Recently I got in touch with one of my oldest friends and after catching briefly up he started to share with me his experiences during his deployments. I know it took him a lot of strength just to tell me what he’d been through. But what struck me hardest was that he felt so alone and he thought he was the only one that felt like this and that something was wrong with him. I remember feeling like that. So maybe in sharing my experiences it will let others know that they’re not alone.

My Life Today
My life today doesn’t even closely resemble what it was before I went to Iraq. There are a lot of things I’m grateful for that I used to take for granted, like the ability to plug in appliances without the fear of electrocution, driving in the car without the worry that an IED will blow me up, and when I go to sleep at night I know a rocket isn’t going to crash through the roof and kill me while I sleep. Anyone who’s deployed knows what I mean.

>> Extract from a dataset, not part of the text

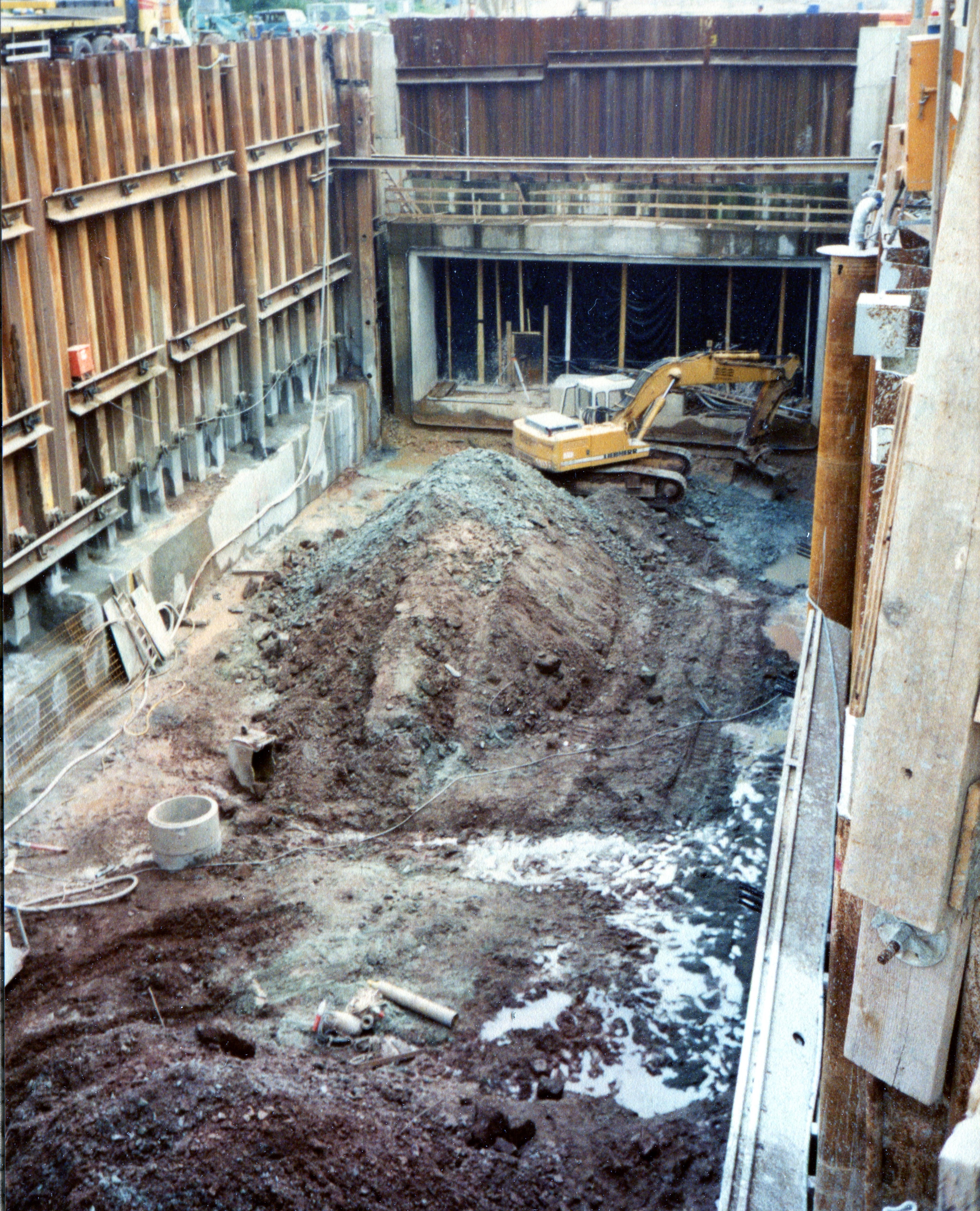 | Beschreibung | Bauarbeiten und Baugrube U-Bahnhof Stadthalle im September 1996 | ||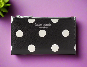 Kate Spade Morgan Slim Bifold Wallet Black Polkadot Small White Gift Box

About a year ago I left the military after 12 years of faithful service so that I could finally keep my promise to my daughter and never leave her again. The remnants of my time overseas has left a permanent effect on me, for instance, when one my new coworkers approaches my desk too quietly nine times out of ten I have an embarrassing response like screaming and it takes me a little bit to calm down. As great as my new civilian coworkers are, they don’t understand why I react like that and they either laugh at me, or look at me like I have serious issues (which is partially true).

I can only describe my current place in the world as an alien mimicking a human. I know too much, I’ve seen too much and now I know that not everyone has a conscience or a soul.